RECORDS SUPPLIED>

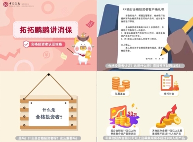 宁波市分行结合真实案例,通过我行员工的演绎,以通俗易懂的形式,制作原创短视频《理财“门当户对”》,生动地向公众普及金融知识,帮助消费者了解自身权利。青岛市分行结合真实案例制作系列风险提示长图文——《增强风险责任意识,树立理性投资观念》、《做理性投资者,从了解“三适当”开始》,并通过微信公众号发布,以简单清晰、通俗易懂的图文形式吸引消费者点阅学习,助力消费者正确认识金融产品和服务,了解自身合法权益,提高识别风险防范意识。深圳市分行以中国证监会发布的《私募投资基金监督管理办法(征求意见稿)》为蓝本,设计制作了理财投资教育视频《拓拓鹏鹏讲消保之合格投资者认证攻略》,通过生动有趣的动画形式,详细解释了合格投资者认证的过程和必要性。
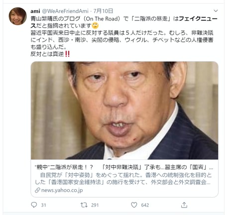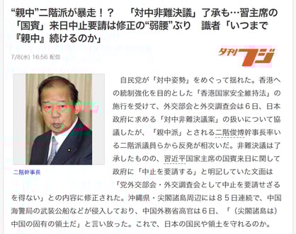 夕刊フジ「“親中”二階派が暴走!? 「対中非難決議」了承も」
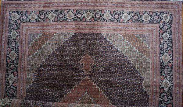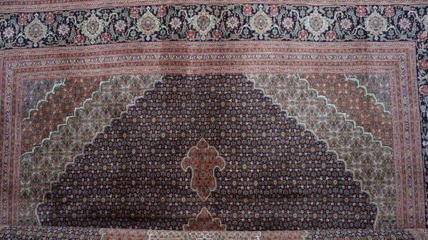 Scarce authentic Persian rug from the 80's not used, measures 11'5"x8'4" extremely tightly knotted (last image) baby lamb's wool outlined with pearl color caterpillar natural silk.
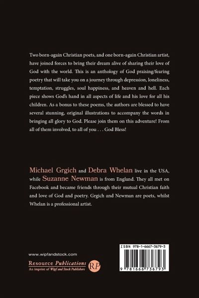 Two born-again Christian poets, and one born-again Christian artist, have joined forces to bring their dream alive of sharing their love of God with the world. This is an anthology of God praising/fearing poetry that will take you on a journey through depression, loneliness, temptation, struggles, soul happiness, and heaven and hell. Each piece shows God's hand in all aspects of life and his love for all his children. As a bonus to these poems, the authors are blessed to have several stunning, original illustrations to accompany the words in bringing all glory to God. Please join them on this adventure! From all of them involved, to all of you . . . God Bless!
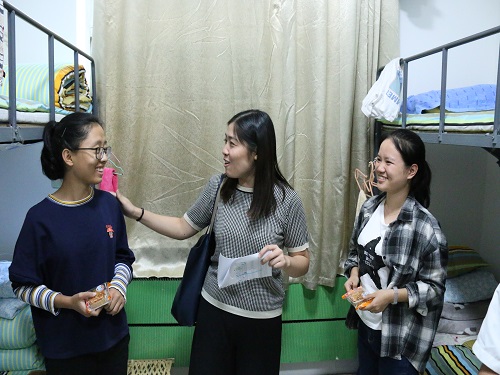 (本站讯)“万里此情同皎洁,一年今日最分明。”9月23日下午,公司在中秋节来临之际开展慰问新生系列活动。2018级辅导员张健在员工助理及部分新生的陪同下,走进新生宿舍,发放中秋礼品,将月饼亲送至每位同学手中,让大家感受到公司浓浓的温情和人文关怀。
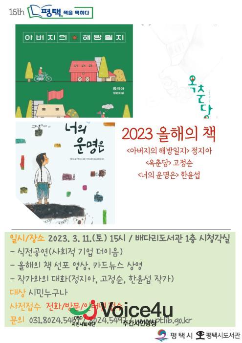 16년째를 맞이하는 「평택, 책을 택하다」 올해의 책은 정지아의 <아버지의 해방일지>, 고정순의 <옥춘당>, 한윤섭의 <너의 운명은>으로 작가와의 대화를 통해 이날 시민들과 첫 만남의 자리를 갖게 된다.
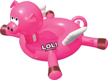 The LOL Flying Pig™ is a fun inflatable that everyone will love. Perfectly sized for one, this little piggy is made of quality materials for durability and long-lasting fun. Comes equipped with 2 grip handles. Pool fun begins... when pigs fly! Suitable for ages 7 years and up. Weight capacity of 200 lbs. Use only under competent adult supervision.
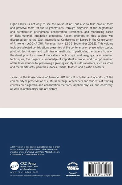 This volume includes selected contributions presented at the13th International Conference on Lasers in the Conservation of Artworks (LACONA XIII, Florence, Italy, 12-16 September 2022) on preservation topics, photonic techniques, and optimization methods.
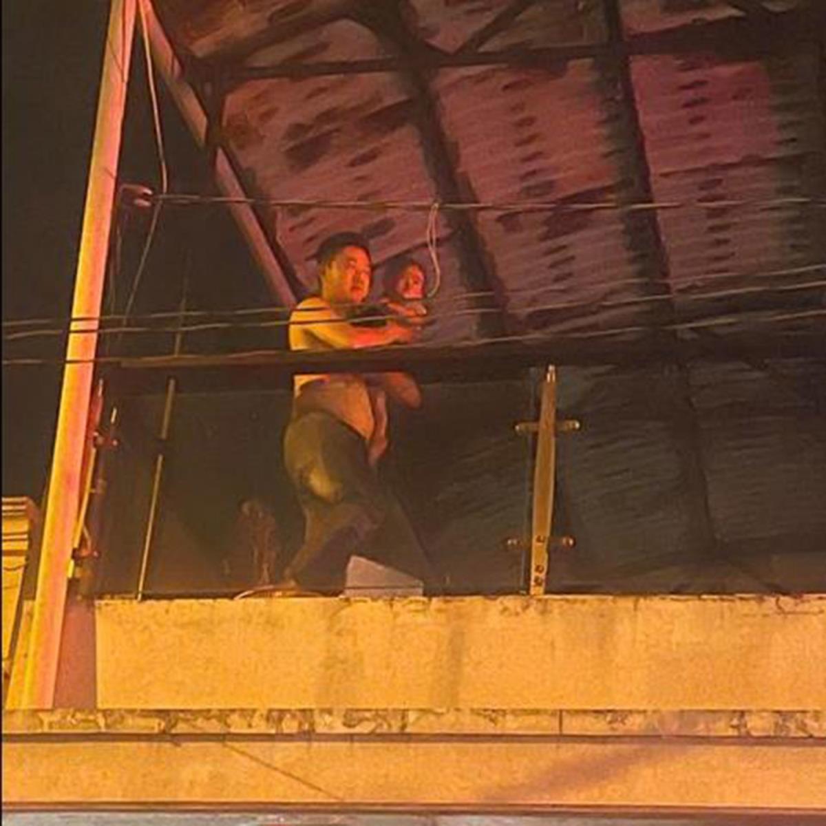 Do không có không gian để thoát ra bên ngoài, lượng khói mịt mù nhanh chóng lan tỏa lên các tầng bên trên thông qua con đường cầu thang bộ của khu nhà trọ. Không chần chừ, 2 chiến sĩ chữa cháy nhanh chóng băng mình xuyên qua khói lửa để tiến lên phía trên thực hiện khẩn cấp công việc cứu người. Một đồng chí cứu hộ leo ban công khu vực phía trước nhà để tìm đường vào giải cứu những nạn nhân đang mắc kẹt bên trong.
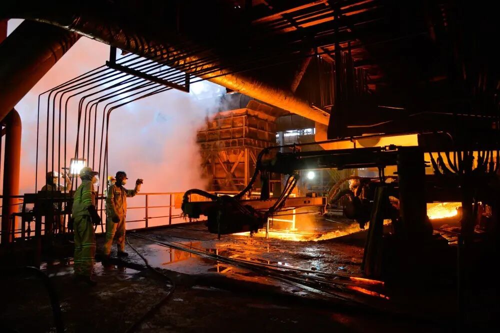 在印尼一家中资合资企业中,员工们正在镍铁生产线上工作 图片来源:新华社
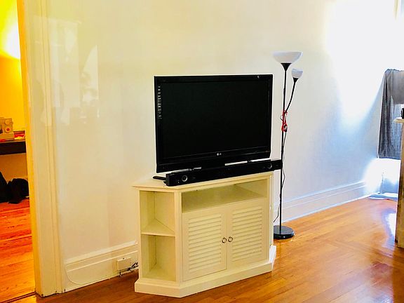 1 Month Broker Fee** ONE bedroom rental on first floor of 3-family Victorian, built circa 1890. Rocking chair porch, non-working fireplace, hardwood flrs, central air. Coin-op laundry, and one car parking. Walk to train! Tenant responsible for utilities
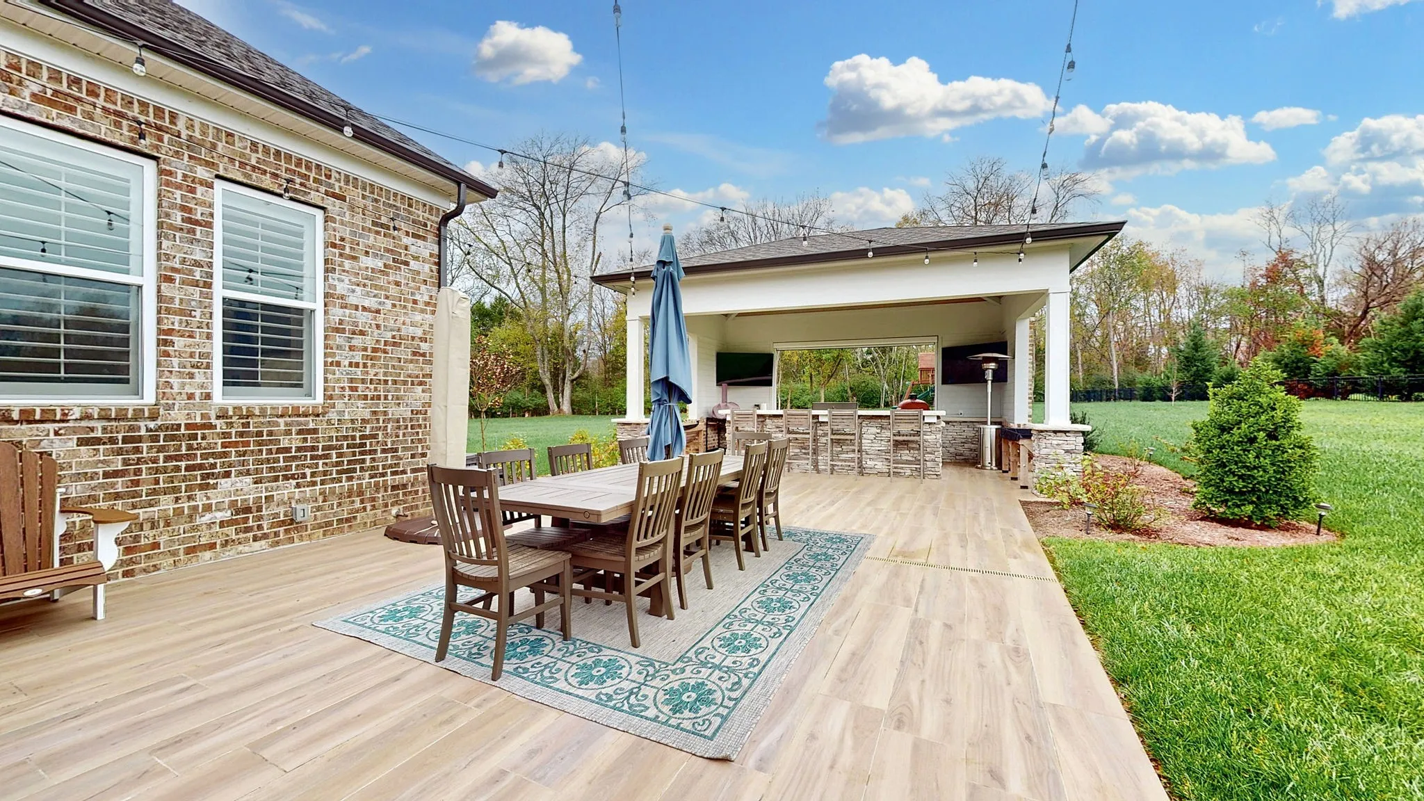 "LongDescription" => "Charming custom built pergola with a swing that sits against a soothing waterfall backdrop...."
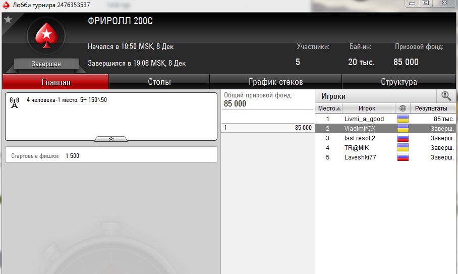 2 места от 5 человек. См скрин турнира выше, левый верхний угол. 150 тебе первел, Велес тебе полтинник) Все молодцы, я проспал. Завтра еще сыграем. Тяните своих друзей покеристов, будет больше народа- повысим гарантии.Так призовое одно![]()
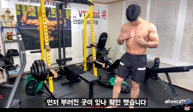 직장인 헬스 유튜버인 지피티는 최근 실시간 방송으로 시청자와 소통하며 벤치프레스를 진행했다.
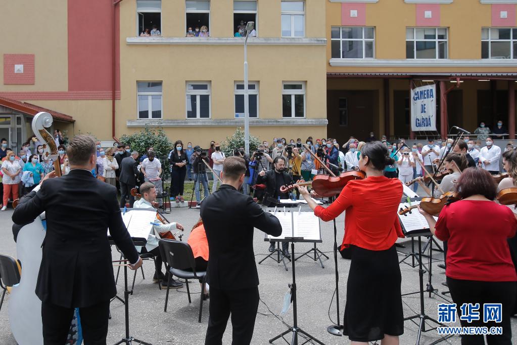 當日,羅馬尼亞首都布加勒斯特一個樂隊在該國一家傳染病醫院——馬太·巴爾什醫院演出,向抗擊新冠疫情的醫務工作者致謝。
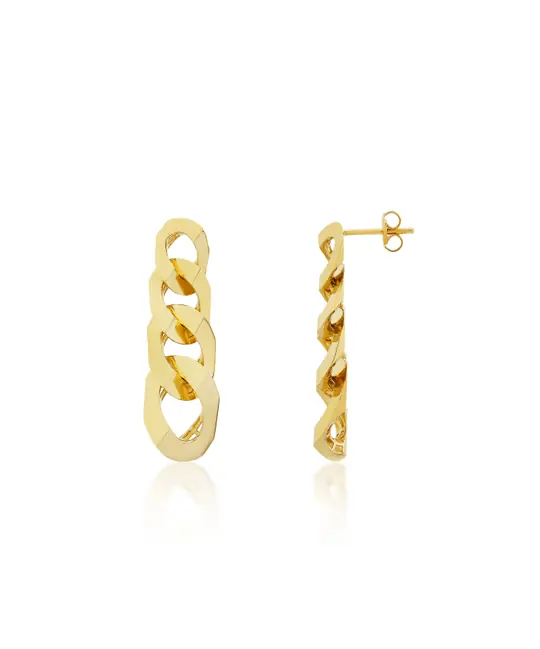 İkra Kuyumculuk kalitesiyle 14 ayar altından üretilen bu Altın Gurmet Küpe, klasik gurmet zincir formunun modernize edilmiş tasarımıyla stilinize güçlü ve şık bir dokunuş katıyor. Yaklaşık 4.53 gram ağırlığındaki bu model, karakteristik halka geçişleri ve dolgun yapısıyla hem günlük kombinlerinizde hem de özel davetlerde sofistike bir duruş sergiler.

WHAT NEEDS TO BE DONE>
In the records above, locate the line with "當日,羅馬尼亞首都布加勒斯特"; output it and each line after it through the last one, exactly, omitting pictures.

REPLY>
 當日,羅馬尼亞首都布加勒斯特一個樂隊在該國一家傳染病醫院——馬太·巴爾什醫院演出,向抗擊新冠疫情的醫務工作者致謝。
 İkra Kuyumculuk kalitesiyle 14 ayar altından üretilen bu Altın Gurmet Küpe, klasik gurmet zincir formunun modernize edilmiş tasarımıyla stilinize güçlü ve şık bir dokunuş katıyor. Yaklaşık 4.53 gram ağırlığındaki bu model, karakteristik halka geçişleri ve dolgun yapısıyla hem günlük kombinlerinizde hem de özel davetlerde sofistike bir duruş sergiler.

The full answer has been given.